In addition, the FAST scheme designates a log block dedicated for sequential writes with the hope that the log block can be filled with pages following the regularity required by the block-level FTL. Recognizing that there could be multiple sequential streams mixed in a workload, Lee et al. proposed the Locality-Aware Sector Translation (LAST) scheme, which uses multiple log blocks to exclusively receive sequential requests attempting to preserve the spatial locality [19]. Use of these dedicated log blocks can reduce garbage collection cost if they can turn into data blocks without copying their pages to other erased blocks (switch merge). To make this design effective, one has to ensure that pages in a sequential write meet three conditions: (1) The pages must be written to the physical pages (in one log block) whose offsets equals to their respective offsets in the logical block; (2) The writing must start from the first page of a log block, and carry out contiguously according to the rule of sequential programming within a block, required by today's popular large-block flash [3]; and (3) Significant number of pages in a log block, whose size is usually 64 pages or larger, must be filled by sequential requests before the log block is reclaimed.
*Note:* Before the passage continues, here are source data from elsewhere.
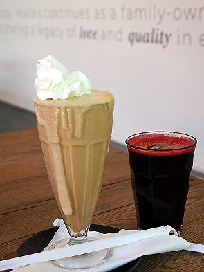 Statt pochierte Eier Benedict mit Lachs auf Rösti wie bestellt brachte die Kellnerin uns leider Rührei mit Lachs auf Croissant. Wir haben es dann trotzdem gegessen, war auch lecker. Dazu tranken wir guten Cappuchino, einen Beetroot-Ginger Saft und ein Glas Kaffee-Milchshake.
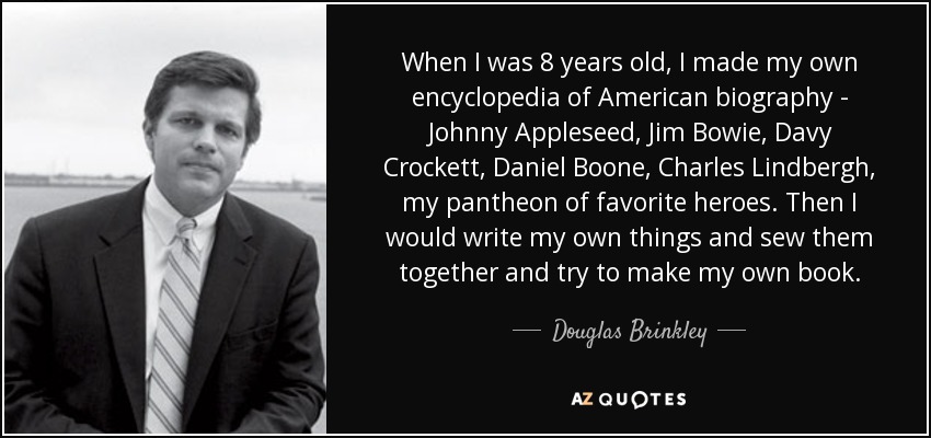 When I was 8 years old, I made my own encyclopedia of American biography - Johnny Appleseed, Jim Bowie, Davy Crockett, Daniel Boone, Charles Lindbergh, my pantheon of favorite heroes. Then I would write my own things and sew them together and try to make my own book.
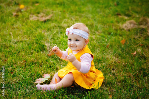 Portrait of a one-year-old smiling girl in a yellow dress sitting barefoot on a lawn against a background of green grass.
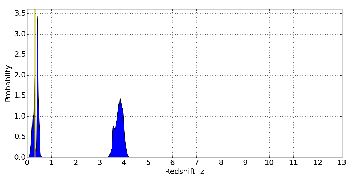 Best viewed in a wide browser window (1200 pixels or more). Download SED & P(z) plots to view larger versions.
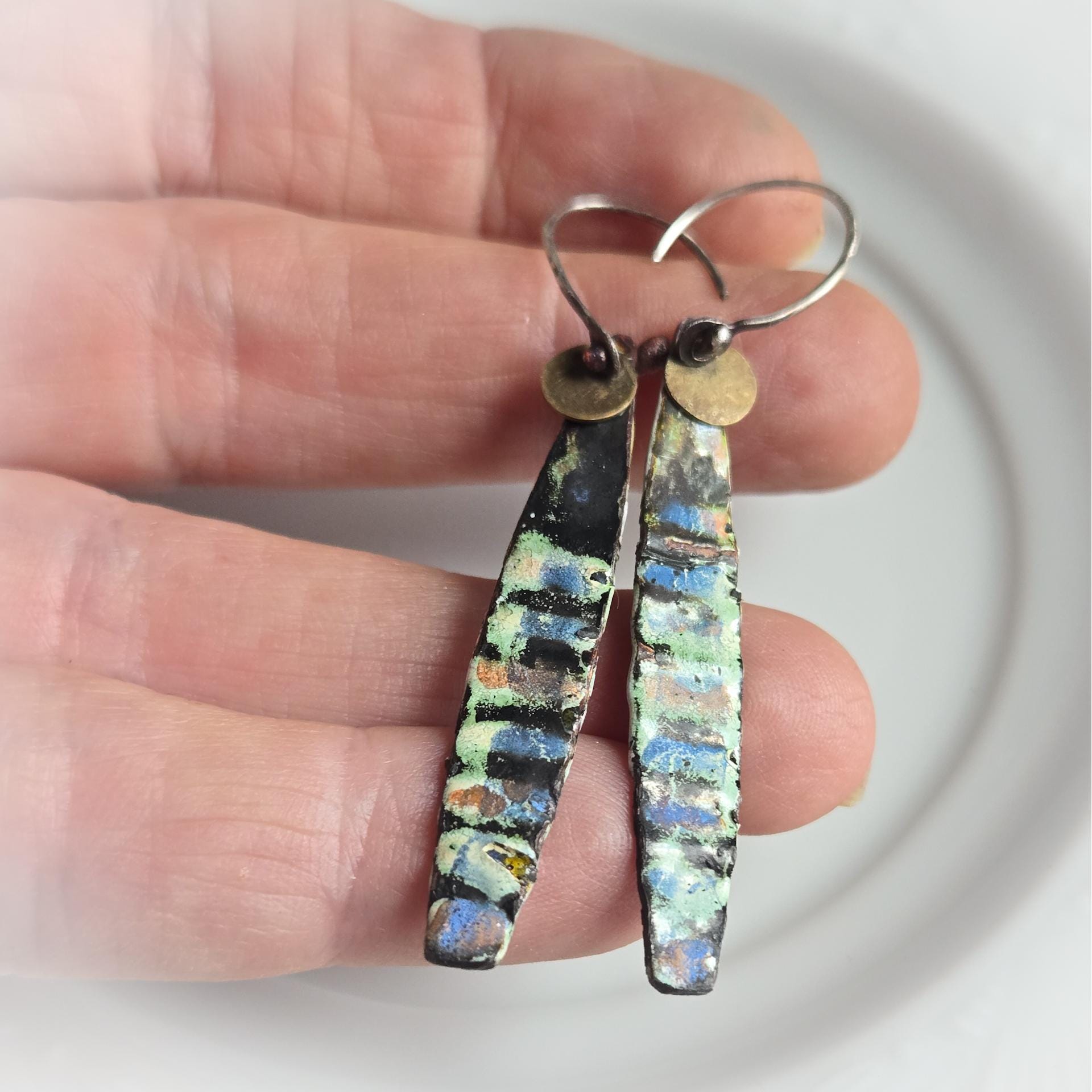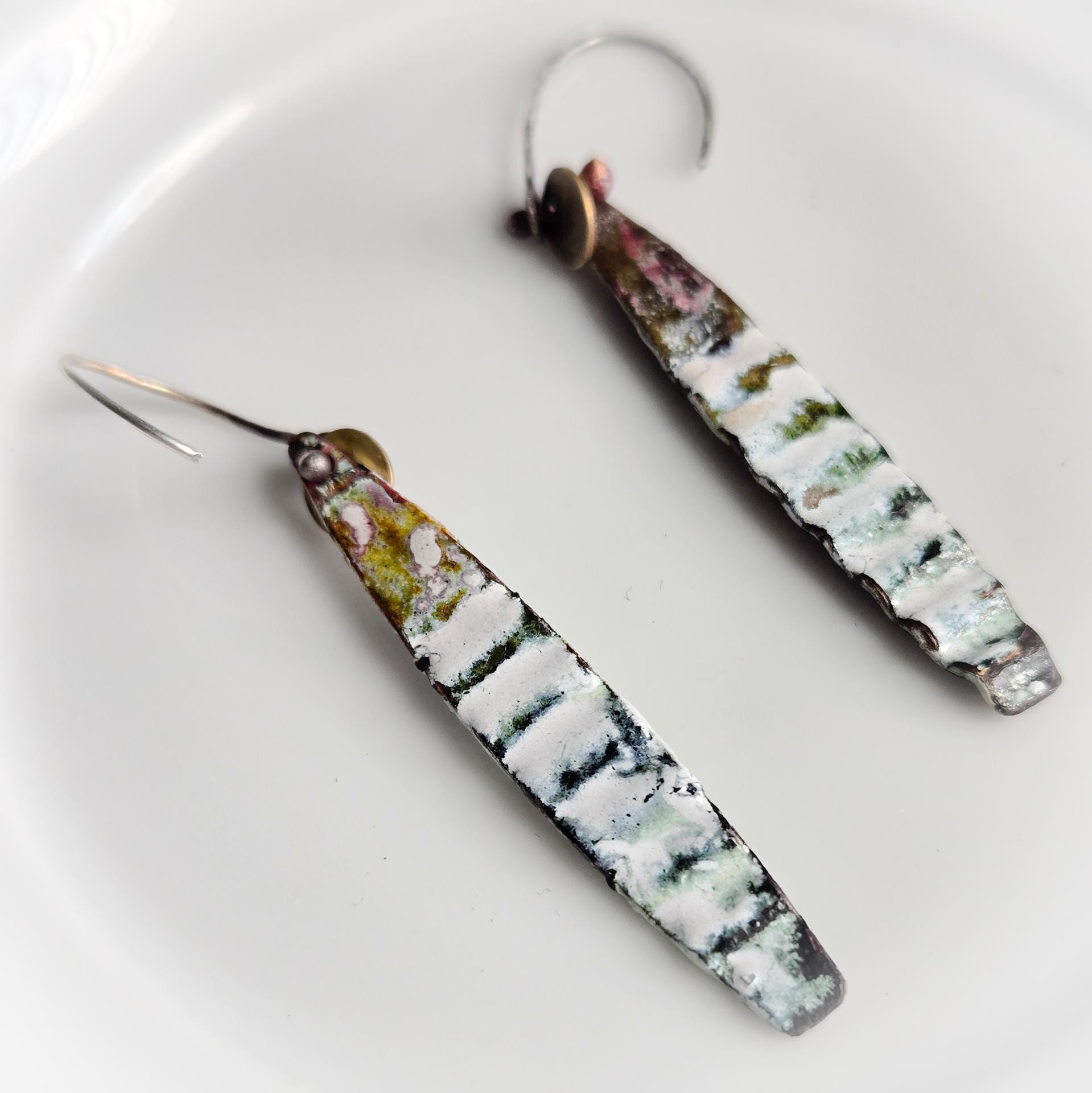 Urban Landscape Corrugated Riveted Vitreous Enamel and Sterling Siver Earrings

Although sequential requests are common in many workloads, it would be rare to have all these conditions met. In fact, the deficiency with these schemes are due to their adherence to the block-level-FTL's mapping regularity. In contract, The S-FTL scheme gives up the adherence, and is able to exploit any sequentiality available in the write requests to reduce mapping table size. For example, if the size of every request is two (or four) contiguous pages, the table size can be reduced to its half (or its quarter, respectively) in S-FTL. However, this weak

sequentiality would be of little value in the LAST scheme.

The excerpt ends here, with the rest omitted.